The horses and I got an early start and said our farewells to my mom at 8:30am. It's so nice having my mom’s help loading Takoda with the panniers since they are uncomfortably heavy to lift at the start of a section before the horses eat a night’s worth of feed.
We had an ambitious 32 miles planned and the first 20 or so were not easy. The trail didn’t look like it had seen much travel, let alone by stock, in many years. The trail was very overgrown and littered with downfalls. Numerous times the trail would just seem to fade away and I’d have to look our for rock cairns or colored trail marking tape on tree branches to determine which way to go. A few times I had to dismount and spend time cutting downfalls to clear a path for Shyla and Takoda. So needless to say, after we got through the first challenging 20 miles I was relieved to join up with a much more popular trail in the late afternoon. I knew we were on well-traveled trails now as there was plentiful manure and hoofprints all over. Not to mention, no more down trees! There were also a lot more hikers. We hadn’t seen a soul all day and now there were backpackers all over.
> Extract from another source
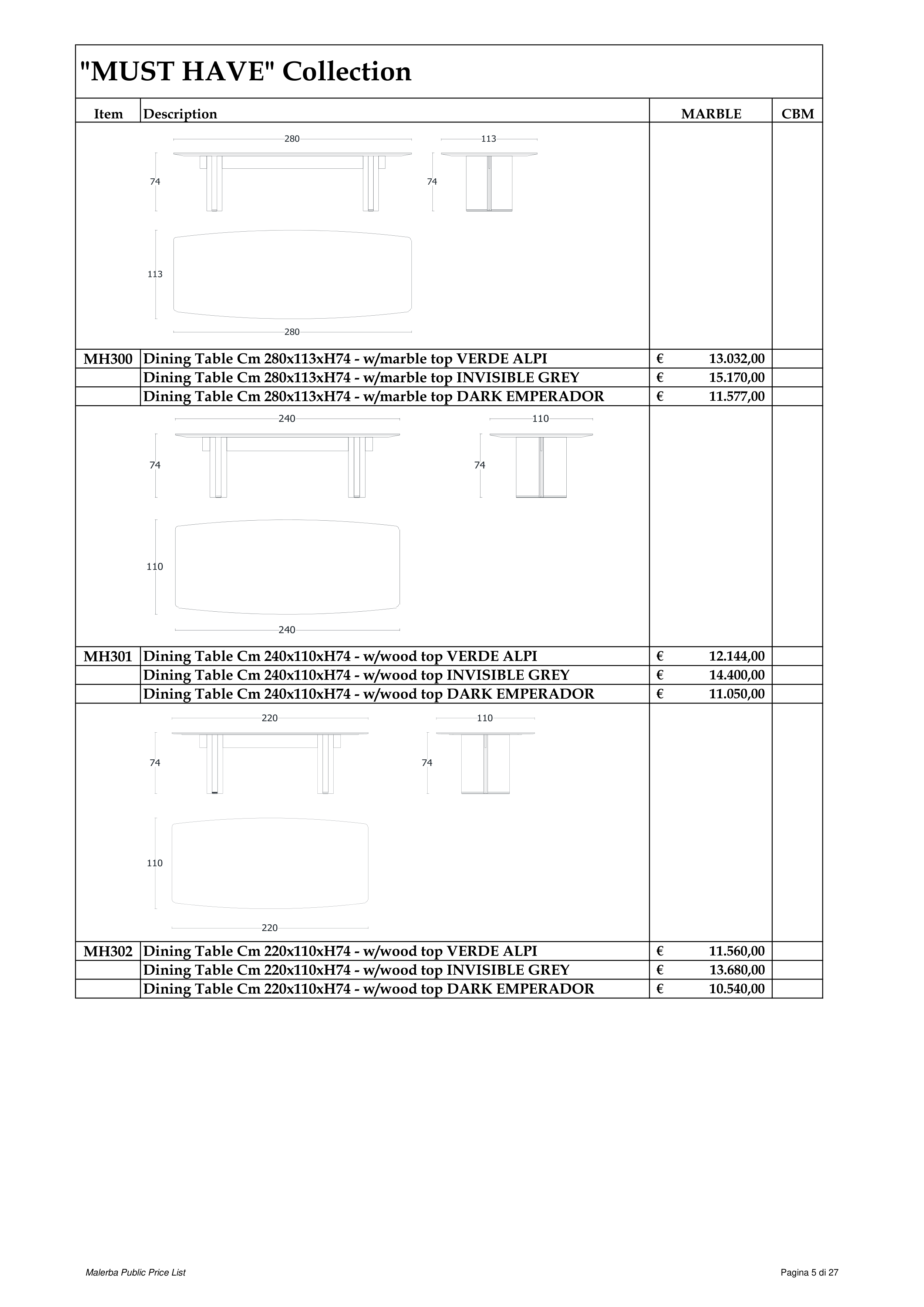 MH300 Dining Table Cm 280x113xH74 - w/marble top VERDE ALPI

The Wind Rivers Range requires a backcountry permit for camping but the ranger district was very understanding and allowed me to camp without having to have a committed place so long as I did intrude on other people and choose campsites that were away from other people, especially stock. Due to the obstacles earlier in the day we stopped for the night about 2 miles earlier than planned. This was my first night ever camping in grizzly country and I’d be lying if I said I wasn’t nervous about it. I was more cautious in camp after dark and set up my camp as close to the horses’ highline as possible, as well as sleeping with bear spray in my tent.